Had to stop here, had the feeling i was about to give myself a hernia if i kept going, was getting some funny twinges. Workout was pretty poor throughout, guess 4 hours sleep in two days just won't cut it. Worst part is that it was unavoidable, due to work, I have 6 days between  2-4 hours of sleep max per night - less than ideal, but i have to do it once in a while.  I guess doing some working out is better than nothing?  Usually I can over ride it and still have a good workout, but this "hernia" type twinging freaked me out a little, and i figured that i'd rather under do it this time than, risk not lifting for 4 months etc.


----------



## goob (Nov 2, 2006)

2/11/06

Only had 4 hours sleep, so went easy.  Took creatine before to offset muscle fatigue and damage as a result of only having 8-10  hours sleep since Saturday night.  Still, had to go to the gym, would have been annoyed if I pussied out.

Upright Cable rows
65 @ 10
70 @ 10
75 @ 8
80 @ 8

Bicep Cable curls
40 @ 10
45 @ 8
50 @ 8
50 @ 6

Bench Press
120 @ 10
125 @ 8
130 @ 8

DB Flys
35 @ 10
35 @ 10
40 @ 8
45 @ 6

Seated Cable Rows
75 @ 8
80 @ 8
85 @ 6

Cable Crunches
55 @ 12
60 @ 12
65 @ 10
70 @ 8
65 @ 10

Leg Press
550 @ 8 
550 @ 8 
550 @ 8

Felt ok, but I reckon I need a good 12 hours sleep to catch up before next workout.  That way, i'll be able to go hell for leather.  Bring on the weekend.


----------



## DOMS (Nov 2, 2006)

Hey good, how do you feel know, at 74, versus when you were in your mid 20s?

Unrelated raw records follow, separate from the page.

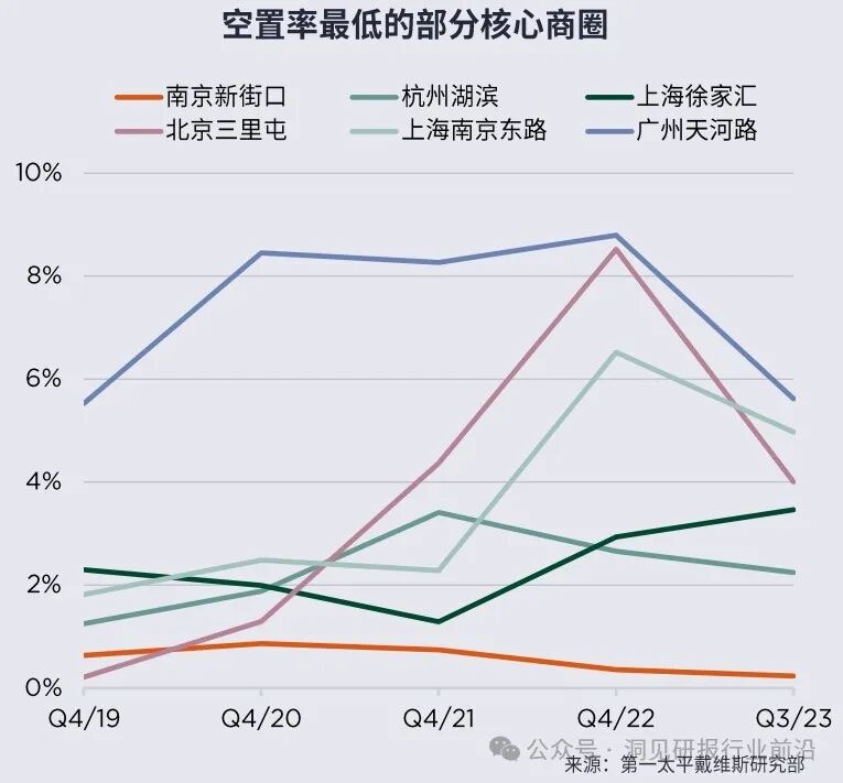 在2019年末,62%的核心商圈空置率在5.0%以下,但截至2023年第三季度,这一比例降至仅有41%。但另一方面,核心商圈的后街、或一些独有氛围的二级地段,却正成为不少品牌青睐的新兴区域。
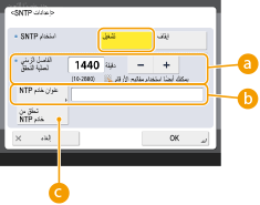 اضغط على <تشغيل> في <استخدام SNTP> ونفِّذ الإعدادات اللازمة.
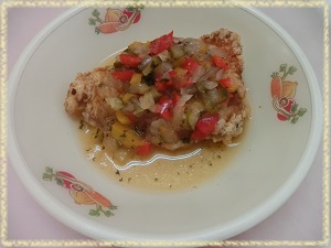 このソースを,油で揚げたシイラにかけて完成です。
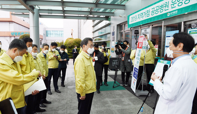 문재인 대통령이 25일 대구의료원에서 유완식 원장의 신종 코로나바이러스 감염증(코로나19) 현황 설명을 듣고 있다.
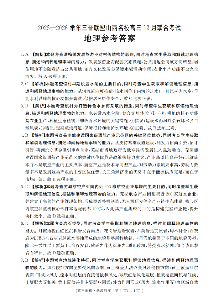 山西省名校三晋联盟2025-2026学年高三上学期12月联合考试 地理答案.pdf
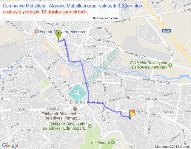 Cumhuriye Mahallesi - Alanönü Mahallesi arası yaklaşık olarak 90 km/h ile yukarıda belirtilen sürede olup, iki yerin kuş uçuşu uzaklığı (mesafesi) 3'dir. Yolculuk otobüsle 16 dakika sürmektedir.
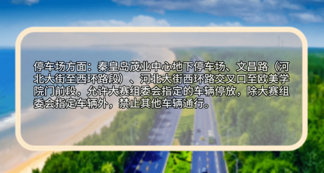 秦皇岛茂业中心地下停车场、文昌路(河北大街至西环路段)、河北大街西环路交叉口至欧美学院门前段,划定为马拉松赛专用停车场,允许大赛组委会指定的车辆停放,除大赛组委会指定车辆外,禁止其他车辆通行。
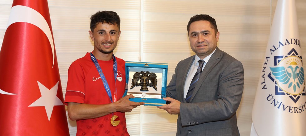 Alanya Alaaddin Keykubat Üniversitesi (ALKÜ) Rektörü Prof. Dr. Kenan Ahmet Türkdoğan, Çin'de düzenlenen 2023 Dünya Üniversiteler Yaz Oyunları 20 kilometre Erkekler Kategorisi Yürüyüş Finalinde ülkemize ilk altın madalya kazandıran ALKÜ öğrencisi ve Millî Sporcusu Salih Korkmaz’la buluşarak tebrik etti.
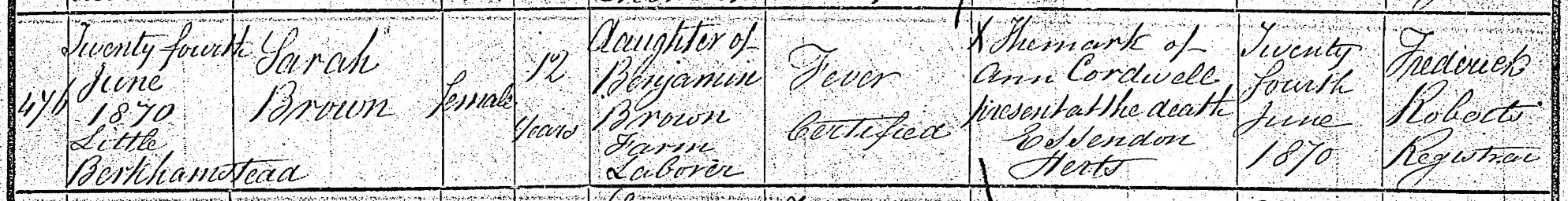 Extract from death certificate for Sarah Brown, 1870 (GRO)
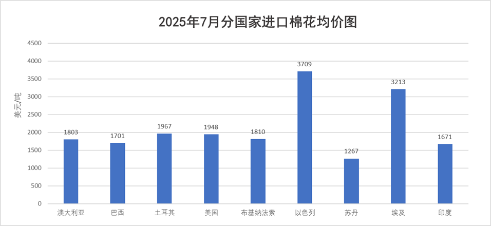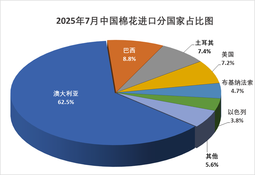 據(jù)海關(guān)總署數(shù)據(jù),7月我國進(jìn)口棉花5.3萬噸,環(huán)比增長93.5%,同比下降73.4%,澳大利亞棉花收獲加工進(jìn)度快于去年同期,有效補(bǔ)充市場資源,同時由于上月基數(shù)較低,本月澳棉進(jìn)口量環(huán)比顯著增長,占比升至首位;巴西、美國棉花進(jìn)口占比進(jìn)一步降低,排在第2、第4。2025年1-7月我國進(jìn)口棉花51.3萬噸,同比下降74.3%。2024/25年度前11個月進(jìn)口棉花98萬噸,同比下降68.2%。
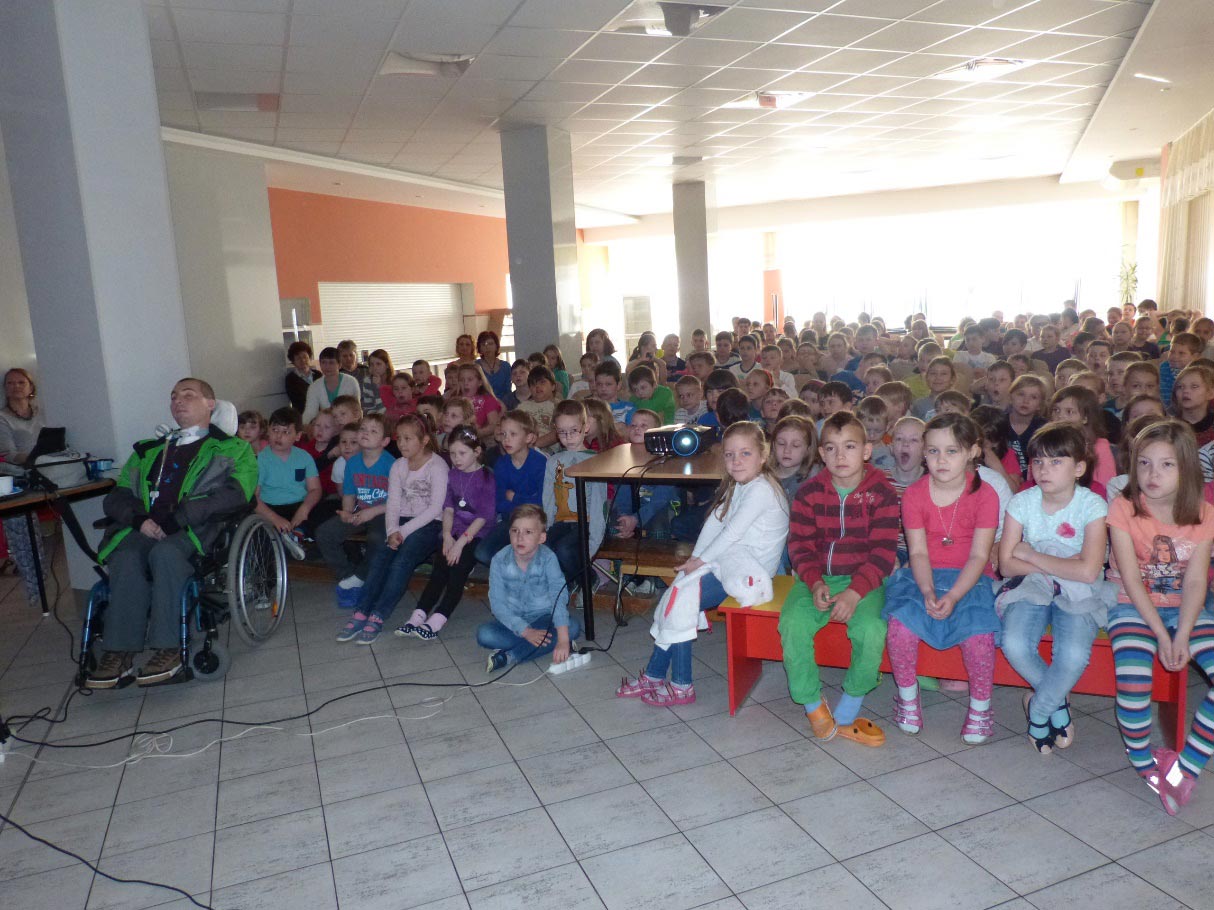 Konala se 28.4.2016 ve školní jídelně, pořadatelem byli základní škola a obecní knihovna. Cestovatelská rodina Márových, otec Jiří, matka Alena, syn Jiří na invalidním vozíku a dcera Monika, už spolu procestovali řadu zemí po celé zeměkouli. Vede je k tomu svému zdravotně postiženému synovi co nejvíce zpestřit a zpříjemnit život na invalidním vozíku. O svých cestách a zážitcích na nich už napsali řadu úspěšných knih a pořádají o nich besedy. V Ludgeřovicích už besedovali několikrát. Tentokrát to byla dvě dvouhodinová vyprávění doprovázená videi a fotografiemi, nejdříve pro mladší žáky a pak pro ty starší. Hovořili o svém putování po jižní Francii v minulém roce. Dětem se to hodně líbilo, zajímavou formou se toho o současné Francii dozvěděli určitě více než v hodinách zeměpisu.

I'm 34 and I'm in better shape than I was at 24.


----------



## goob (Nov 2, 2006)

DOMS said:


> Hey good, how do you feel know, at 74, versus when you were in your mid 20s?
> 
> I'm 34 and I'm in better shape than I was at 24.



Errrr.....74 is my level of maturity, closer to 30 physically.....or is that reversed??????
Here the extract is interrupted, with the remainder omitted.